Вулф, набычившись, хмуро таращился на нее.
— Замечательное представление, — заявил он. — Необыкновенное. Вы, похоже, не замечаете…
— Я еще не закончила, — оборвала его миссис Оделл. — Насчет того, как Браунинг заполучил бомбу. Вы смотрите телевизор?
— Редко.
— Примерно три месяца назад КВС организовала часовую программу под названием «Откуда берутся бомбочки». Вы ее видели?
— Нет.
— Многим людям показалось, что организаторы явно переусердствовали, объясняя, из чего сделаны бомбы и откуда они берутся, но я так не считаю — ведь ни адресов, ни подлинных имен изготовителей никто не называл. Задумал эту программу сам Браунинг, а всю подготовительную работу проделали его сотрудники, так что собрать нужные сведения труда ему не составило. Если вы считаете, что ему было сложно раздобыть бомбу и научиться пользоваться ею всего за четыре дня, то на самом деле это вовсе не так.
Вулф продолжал хмуриться.
— Вы меня не так поняли. Я имел в виду ваше представление. Это, конечно, следует принять во внимание, но прежде я хотел бы уточнить, стану ли вообще ввязываться в это дело. Чего вы от меня ожидаете, если я соглашусь на эту работу?
— Я ожидаю, что вы скажете мне, что я должна делать. И, надеюсь, поможете мне. Я хочу, чтобы Эймори Браунинг был изобличен, осужден и понес заслуженное наказание, но я не хочу, чтобы сказанное мною вам выплыло наружу. Я не собираюсь сидеть в свидетельском кресле и отвечать на вопросы по поводу того, что замыслили мы с мужем. Сколько вы сами совершили таких поступков, о которых хотели бы умолчать?
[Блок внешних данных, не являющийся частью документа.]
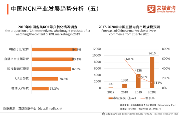 中國MCN產(chǎn)業(yè)發(fā)展趨勢分析(五) iiMedia Research(艾媒咨詢)數(shù)據(jù)顯示,明星或者網(wǎng)紅KOL帶貨轉(zhuǎn)化率都在75%以上,直播電商行業(yè)發(fā)展火爆,預(yù)計到2020年中國直播電商銷售規(guī)模將達9160億元,約占中國網(wǎng)絡(luò)零售規(guī)模8.7%。 艾媒咨詢分析師認為,直播電商主要是通過明星/網(wǎng)紅精準營銷帶貨從而獲取營利收入。相對于其他內(nèi)容形式來說,直播電商市場天花板更高、變現(xiàn)能力更強,將會成為MCN發(fā)展的一個重要方向。但值得注意的是,并不是所有的產(chǎn)品都具備直播性質(zhì),而有些沖動消費也不具有內(nèi)容解釋空間。

— Возможно, тысячу. Порчей чужого виски я не занимался, но о вкусах и методах не спорят. — Вулф повернул голову: — Мисс Хабер, вы подтверждаете то, что рассказала мне миссис Оделл о вашем участии в этом деле?
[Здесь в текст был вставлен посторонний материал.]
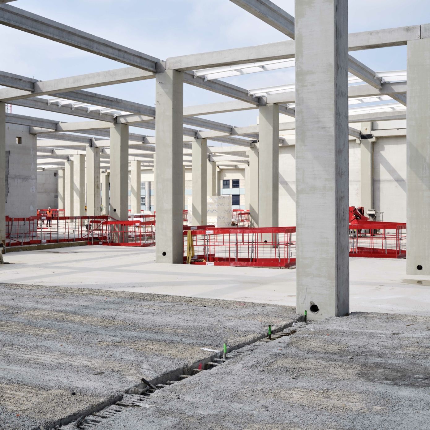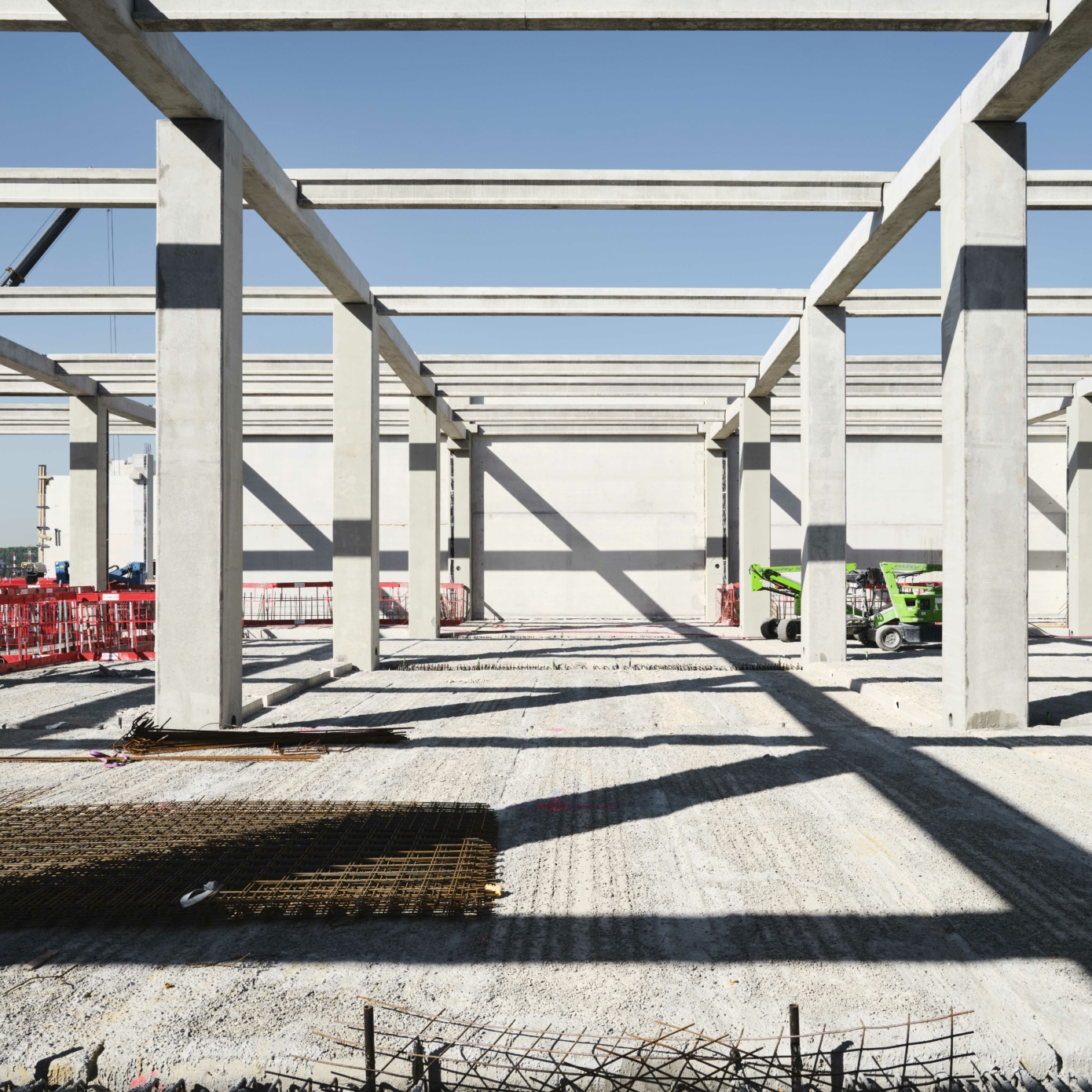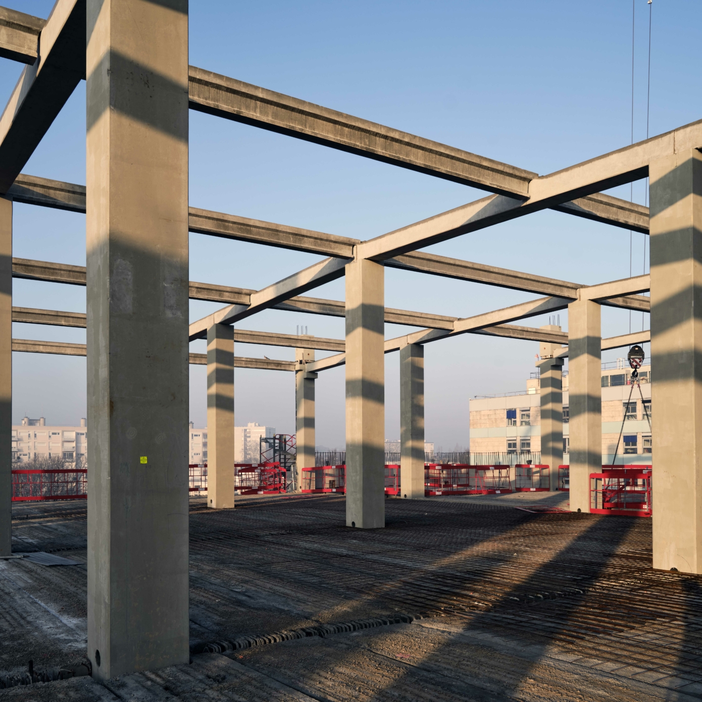 L’audace du Centre Pompidou historique est réinventée au prisme d’une conscience de la fragilité des écosystèmes naturels et humains. La conception responsable passe par l’optimisation des ressources et l’intégration de matériaux biosourcés et pérennes, dont le bois pour l’exostructure et une partie des charpentes et planchers. Le choix d’un bâtiment compact permet de réduire le volume de matériaux et les dépenses énergétiques, compensées par près de 2 000 m2 de panneaux photovoltaïques en toiture. La trame cubique de 9 m de côté, identique sur les trois niveaux, permet une excellente flexibilité, modularité et évolutivité des espaces dans le temps, gage de durabilité. D’une géométrie sobre, la façade est formée d’un double voile en béton géologique de près de 50 cm d’épaisseur, d’une grande inertie. Les lames verticales des baies des ateliers, qui s’animent d’un jeu cinétique la nuit, participent à la protection thermique passive selon les orientations, tout en conservant les vues extérieures.

Секретарша сглотнула. Она сидела вполоборота ко мне, но смотрела, должно быть, прямо в глаза Вулфу.
— Да, — еле слышно выдавила она. Потом повторила, чуть громче: — Да, подтверждаю.
— Вы достали какое-то количество ЛСД по ее просьбе?
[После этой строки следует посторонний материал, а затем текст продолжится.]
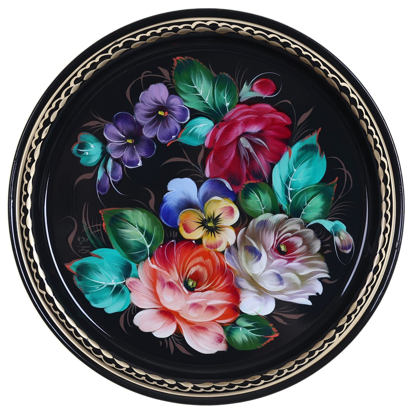 Жостовский поднос A5D020326323, Автор Юрасов Виталий, Материал: Металл, Форма Круглая, Фон Черный, Сюжет Цветы, Размер 22 см, Вес 0.2 кг, В комплекте: Фирменный полиэтиленовый пакет, Производитель: Жостовская фабрика декоративной росписи

— Да, но я не собираюсь объяснять, где и как.
— Мне и не нужно это знать — во всяком случае сейчас. И вы узнали, что она собирается сделать с наркотиком, подслушав ее разговор с мужем?
— Да. Я думала, что имела право знать. ЛСД запрещен. Приобретать его и даже просто хранить — противозаконно.
— И вы решили рассказать про это мистеру Браунингу? Почему?
— Потому что я боялась, что наркотик может убить его. То количество, которое я дала миссис Оделл, — там было почти четыре столовых ложки… Я не знала, чего от него ждать. Если бутылка виски была полна лишь наполовину или даже на четверть, то такая огромная доза наркотика могла, насколько мне известно, оказаться смертельной для мистера Браунинга. Я оказалась бы соучастницей убийства… Да и вообще, я не хотела оказаться замешанной в такое тяжкое преступление. Должно быть, все дело в том, что сказала миссис Оделл, — я и впрямь такая слабая и безвольная личность. Но как бы то ни было, я не хотела становиться убийцей.
— Как вы связались с мистером Браунингом? Вы ему написали?
— Нет, позвонила. В пятницу вечером, из загородного автомата. Я не назвалась. Я вообще не назвала ему ни одного имени. Я только сказала, что во вторник днем некто собирается подсыпать ему в виски крайне опасный препарат и что ему лучше не пить это виски. Он порывался расспросить меня, но я повесила трубку. Конечно, он мог заподозрить, что злоумышленником окажется мистер Оделл, но мне и в голову не могло прийти, что он способен так поступить.
— Откуда именно вы звонили?
— Из Коннектикута. Из городка Вестпорт.
— Вы сказали, что позвонили в пятницу вечером. А в какую именно пятницу?
— Накануне этого ужасного случая. За четыре дня.
— Значит, шестнадцатого мая.
— Да? — Она ненадолго задумалась. — Да, вы правы, шестнадцатого.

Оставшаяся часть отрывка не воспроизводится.